Once again, the Arizona courts have it out for medical marijuana patients. In a curious case of cannabis concentrates, Navajo County Superior Court Judge Dale Nielson has declared extracts illegal.
The basis for his stance concerns the definition of cannabis in Arizona state law. The state's statutes define cannabis as "the resin extracted from" marijuana plants, and pot laws written more than 50 years ago classify cannabis as a narcotic.
The 2010 Arizona Medical Marijuana Act, however, has no definition for cannabis, raising inconsistencies about what patients can buy from dispensaries. It does have language about mixtures and other preparations, but Nielson decided this only applies to the dried flower.
So according to Nielson, most of the state's dispensaries are now narcotics dealers.
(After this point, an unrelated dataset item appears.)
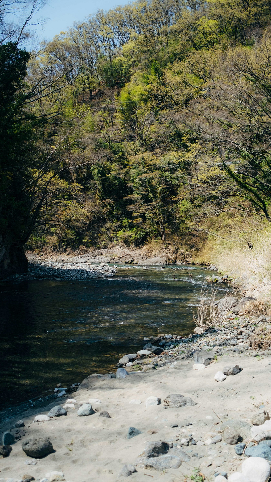 The detailed depiction of the rocks, from smooth pebbles to larger boulders, adds texture and visual interest. The trees lining the river banks provide a sense of depth and serenity, while the flowing water creates a sense of movement and life. The overall color palette is natural and earthy, making it a versatile wallpaper choice for various devices and personal styles.
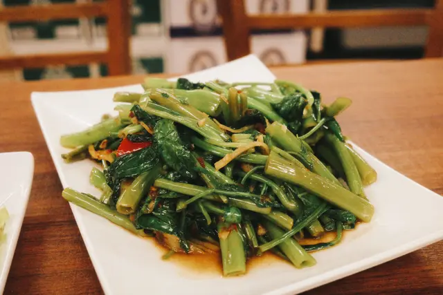 同朋友2個人叫左阿來既 燒豬頸肉/ 火山軟殼蟹法包/ 馬拉盞炒通菜

I say most because a similar case arose in Maricopa County in 2013 when (you guessed it!) County Attorney Bill Montgomery charged a patient with narcotic possession under state law.
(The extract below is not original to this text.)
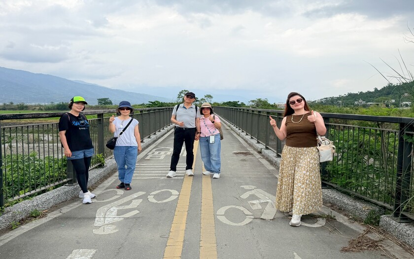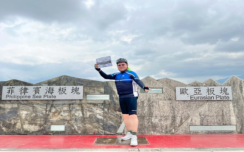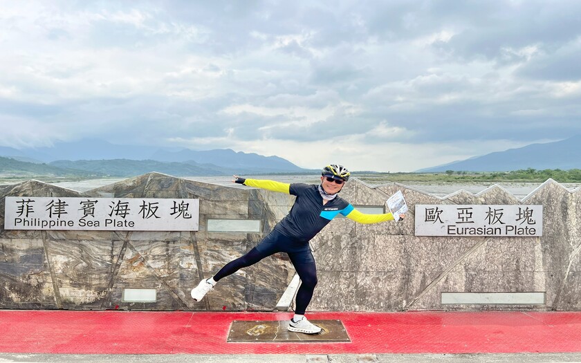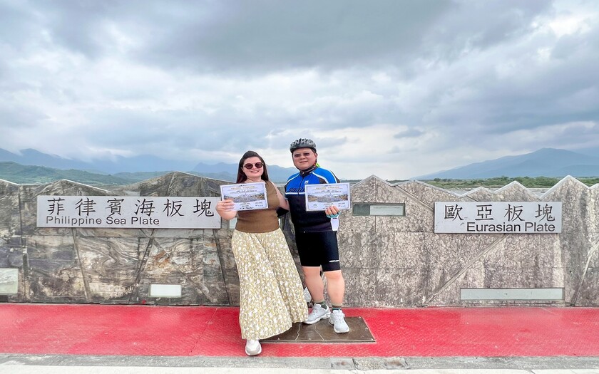接著轉入玉富自行車道,來到舊鐵道橋上。腳下這一段,看似平凡,卻是世界級的地理奇點——歐亞大陸板塊與菲律賓海板塊的交界處。全世界僅有少數地方能在陸地上跨越板塊,而此刻,夥伴們用雙輪完成了這項壯舉。現場頒發「跨越台灣奇點・世界騎跡挑戰證」,這不只是紀念,更是一段專屬於這趟旅程的榮耀。

The policy worried the family of a boy who used medical marijuana to treat his epilepsy, and in March 2014, Maricopa County Superior Court Judge Katherine Cooper decided the AMMA "authorizes qualifying patients to use extracts, including CBD oil, prepared from the marijuana plant."
So case closed right? Not quite. that ruling only applies to those in Maricopa County, leaving the rest of the state wide open to similar shenanigans.
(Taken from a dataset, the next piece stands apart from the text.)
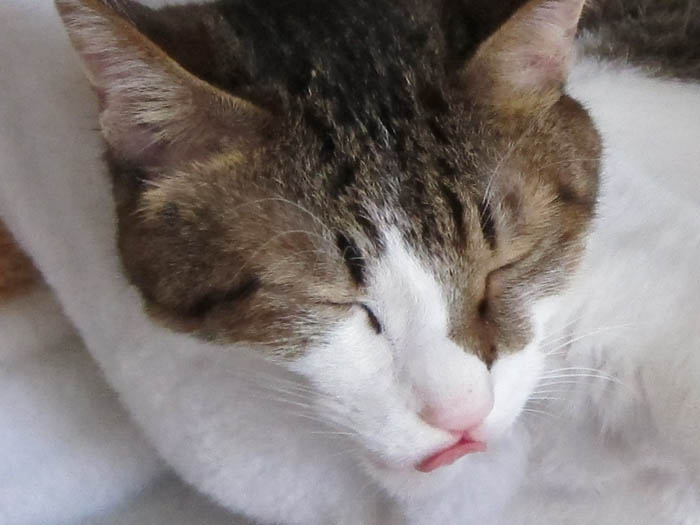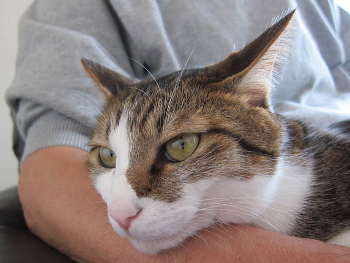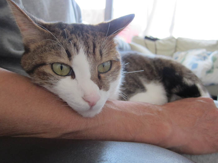 私の膝の上で寝ている時、私が動くと文句を言うくせに、

The Navajo County case centers around 26-year-old medical marijuana card-holder Jake Ruether, who was pulled over in March near Holbrook. State troopers found oil, vape cartridges and 12 packages of wax, individually wrapped.
The wax's conspicuous packaging led prosecutors to profess to a grand jury that Ruether intended to sell the product, and that was enough to convince them to charge him.
Ruether's lawyer, Jon Saline, petitioned the judge to take the case back to the grand jury on account of the confusion surrounding what constitutes "cannabis" under the AMMA, but Nielson wouldn't have it and rejected the motion.
But don't start ditching your shatter yet. Saline intends to appeal the decision, sending the case to the Arizona Court of Appeals, which has been historically friendly to the marijuana industry as Ray Stern of the Phoenix New Times reports.
If the rest of the state decides to follow Nielson's example—an unlikely scenario—Arizona's medical marijuana industry would dry up, leaving nothing but bud and edibles for sale. Thousands of patients who rely on alternative consumption measures would be left out in cold with little option but to return to the lame (and perhaps more harmful) "traditional" medications.
Stern takes it a step further, hypothesizing that dispensaries would go out of business, leaving more and more patients to grow their own plants in "total pandemonium" of the state's medical marijuana industry.
Though that realization is some ways off, the power still resides in the hands of local law enforcement. Some county attorneys, like Pima County's Barbara LaWall, who's notorious for prosecuting low-level drug offenses, may take the charge more readily than others.
But until the courts sort this out, medical marijuana patients in Arizona will still be treated as second-class citizens because a bunch of old fogies don't know the definition of "cannabis."